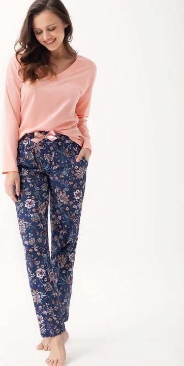 Piżama damska wykonana z miłej w dotyku bawełny. Bluzka z długim rękawem z dekoltem w kształcie litery V. Do kompletu długie, wzorzyste spodni z kieszonkami. W pasie ozdobna kokardka. Skład: 100% bawełna
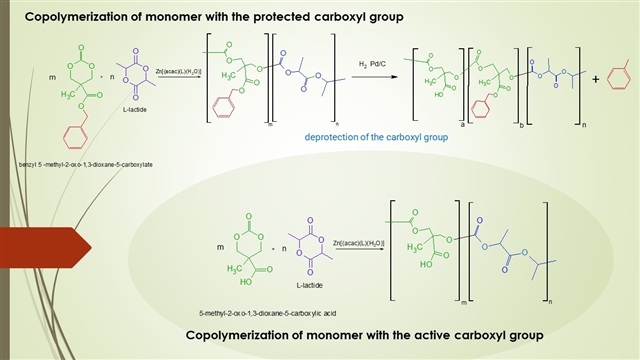 本文介绍了含侧羧基的生物可吸收功能聚酯碳酸酯的制备研究结果。这些共聚物的合成有两种方法:一种是经典的两步法,包括L-丙交酯和含有苯甲酸酯形式的封闭侧羧酸基的环状碳酸盐 (MTC-Bz) 的共聚,然后进行脱保护;另一种是新的方法,包括L-丙交酯和同样的碳酸盐的一步共聚,但含有一个无保护的羧基 (MTC-COOH)。文章详细描述了两种反应的动力学差异及其反应过程。研究发现,不含阻断基团的MTC-COOH单体的反应活性要高得多,甚至略高于L-丙交酯。这使得共聚单体在更短的时间内几乎完全转化。
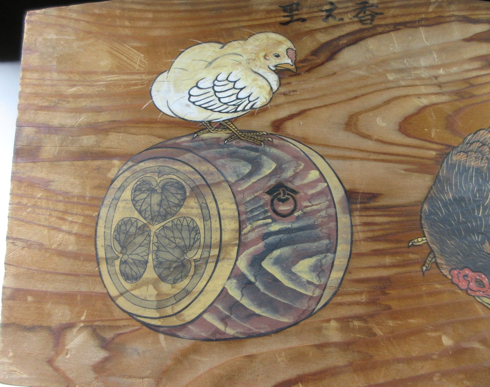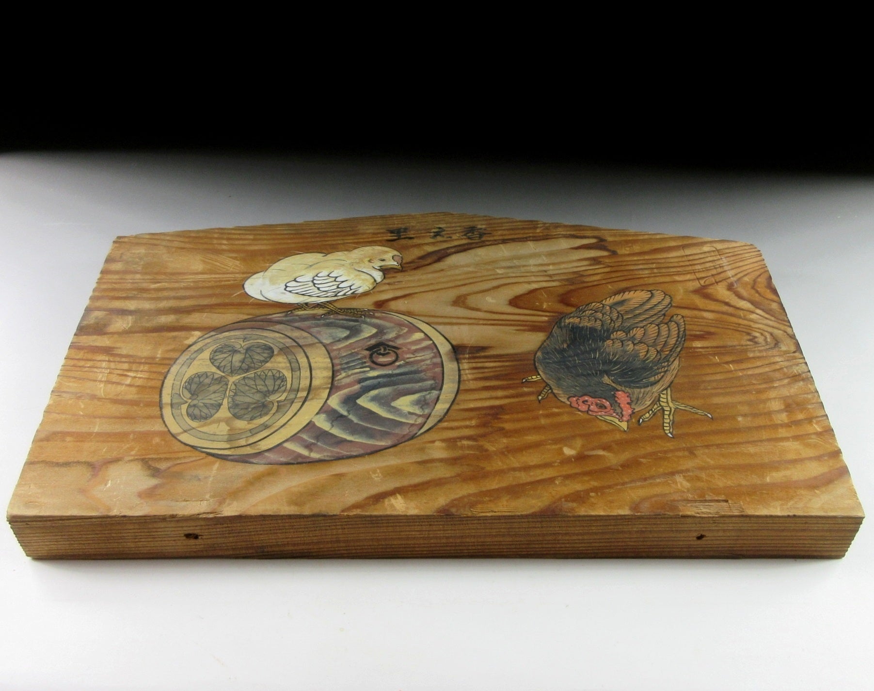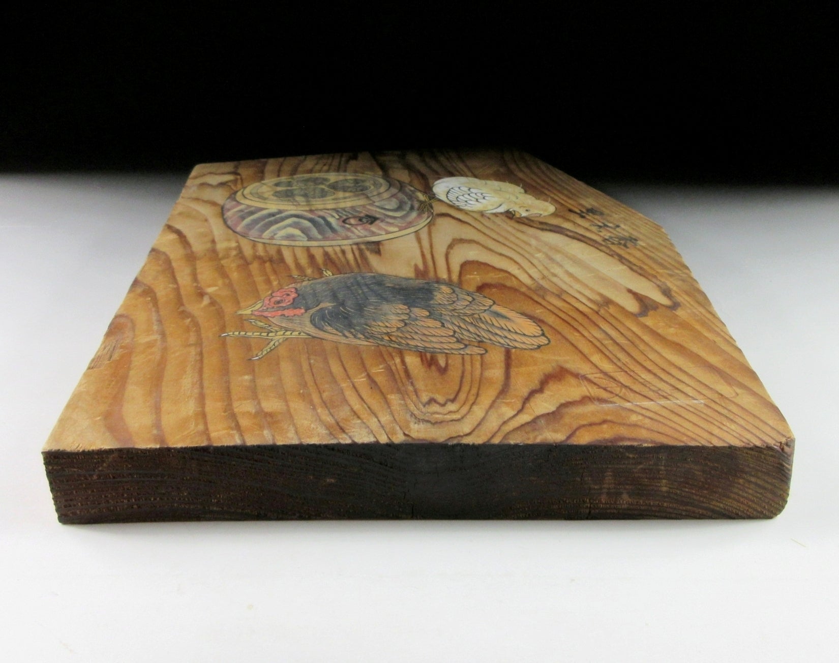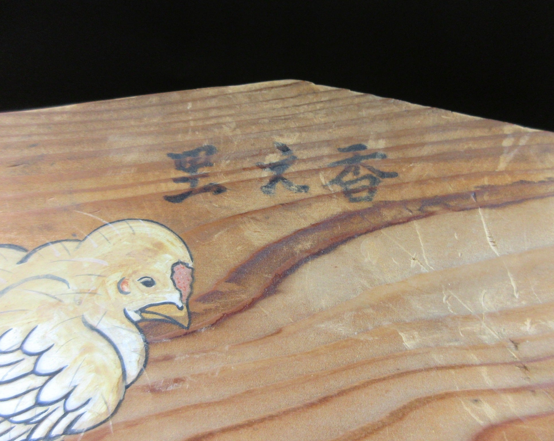This listing is for a large mid-Showa Period ema from Toshogu Shrine in Nikko. It is hand-painted and made to commemorate the Year of the Chicken. The kanji on the back says Nikko Toshogu Shrine and the kanji on the front reads as ‘goshinboku’. Goshinboku translates as ‘honourable sacred tree’, and are essentially regarded as religious artefacts. Such trees are said to mark the spots where deities have ascended to earth and now dwell. At shrines, the trunks of goshinboku have plaited rice straw rope tied around them with white zigzag paper called ‘shide’. Ema such as the one in this listing are made from goshinboku that have perished due to age or things such as lightning strikes.
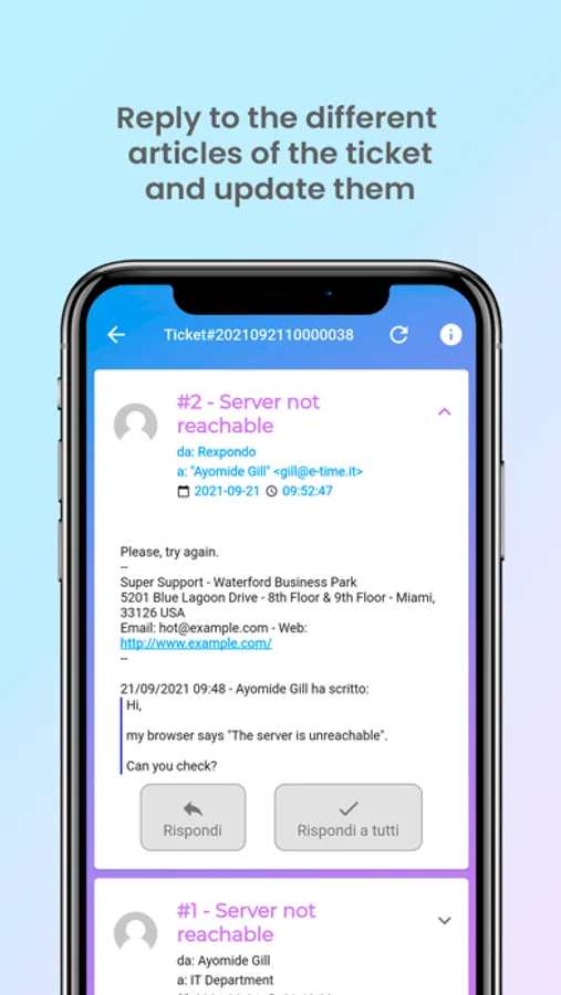 - see the details of the conversation of a ticket, i.e. the list of all articles with sender, recipients, text, attachments, date-time of sending
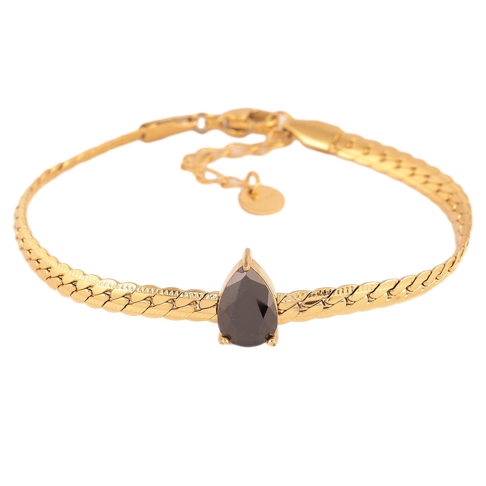 Браслеты Нержавеющая сталь "Цепочка с кристальной черной капелькой" размер с доп. цепочкой 17-20см х 4мм
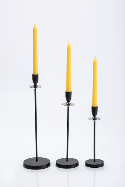 The contemporary & minimalistic lines of the black & nickel two-tone candle stand make this a fabulous addition to any living space. It's subtle design & rich aluminum finish can be used either indoors or outdoors. Works with a taper candle.
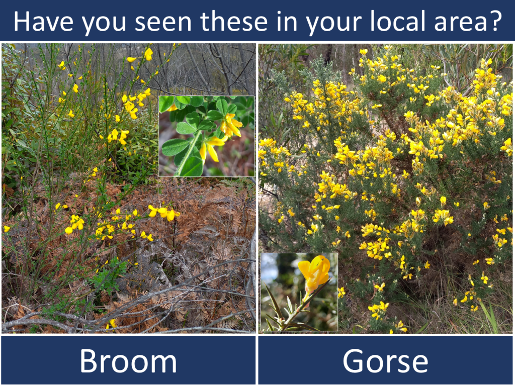 There are lots of yellow flowers around at the moment. Daffodils, forsythia and many wattle species. But some of the yellow flowers are Weeds of National Significance: broom and gorse. You can see these in flower along the highway and railway.
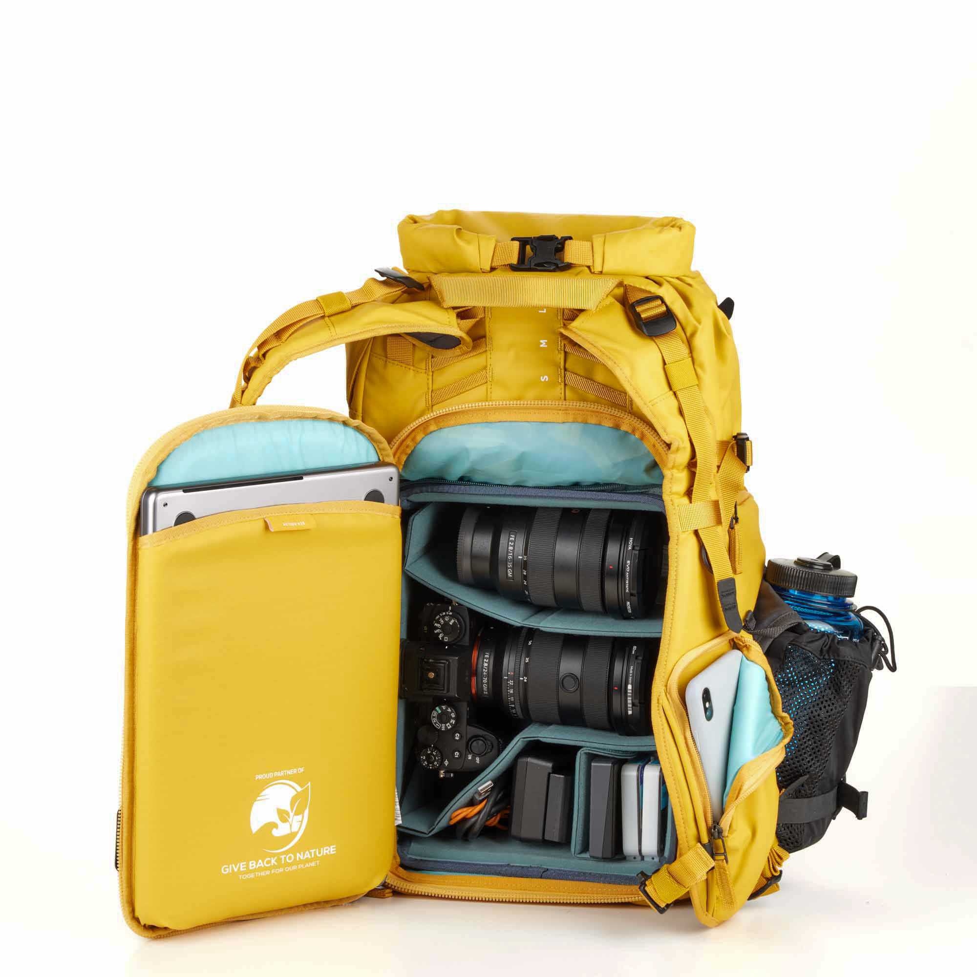 - De Action X25 heeft aan de zijkant een toegang naar de camera, twee verwijderbare statief- of waterfleszakken die naar wens naar de riem kunnen worden verplaatst voor directe toegang tot belangrijke accessoires zoals snacks en lenzen, of volledig kunnen worden verwijderd om gewicht te besparen.
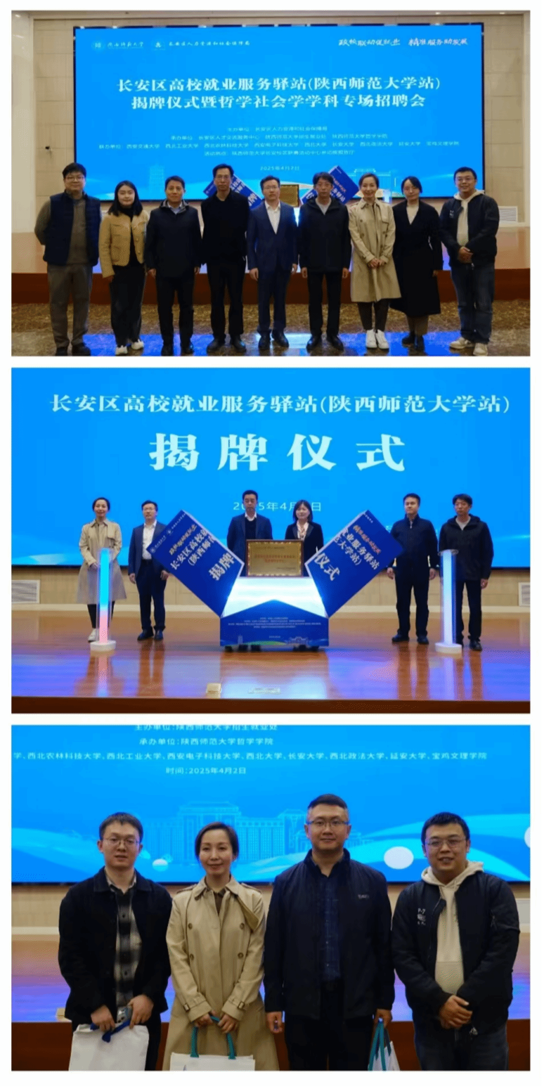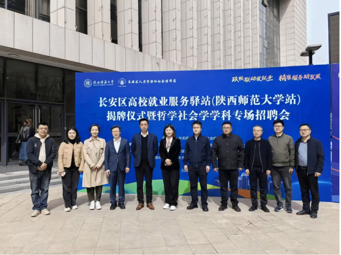 长安区人力资源和社会保障局副局长张卫萍一行、长安大学马克思主义学院党委副书记冯迪、西北工业大学公共政策与管理学院仵荣鑫副教授、我校招生就业处处长雒朝梁以及我院班子全体成员、全体学工干部到场参会,现场还举行了长安区高校就业服务驿站(公海贵宾会官网jcjc5500站)揭牌仪式,并就访企拓岗、人才需求、毕业生推荐等事宜与用人单位进行了充分沟通,为进一步深化校企合作、毕业生求职就业、实习基地建设等工作奠定基础。
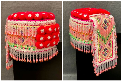 Hmong hat made by May and Aimee Xiong (not related). Hat is made of cross stitch and beads instead of traditional coins, 2001.
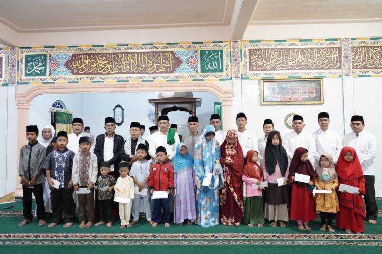 "Setiap masjid/musholla bagi imam, guru ngaji, ghorim, tukang azan, dan lainya akan mendapatkan gaji sebanyak Rp200 ribu, sementara itu beras yang ada di hadapan itu adalah bantuan untuk masjid serta musholla. Perlu saya ingatkan kepada kepala desa tolong ingatkan kepada anak-anak agar tidak main mercun di masjid karena itu akan mengganggu saat orang beribadah," kata H Muhammad Adil SH MM.

= Exercise aim =
Transcribe only this stretch of the data: the line with "- see the details", the line with "Браслеты Нержавеющая сталь", and every line in between. Leave out the pictures.

= Answer to this exercise =
 - see the details of the conversation of a ticket, i.e. the list of all articles with sender, recipients, text, attachments, date-time of sending
 Браслеты Нержавеющая сталь "Цепочка с кристальной черной капелькой" размер с доп. цепочкой 17-20см х 4мм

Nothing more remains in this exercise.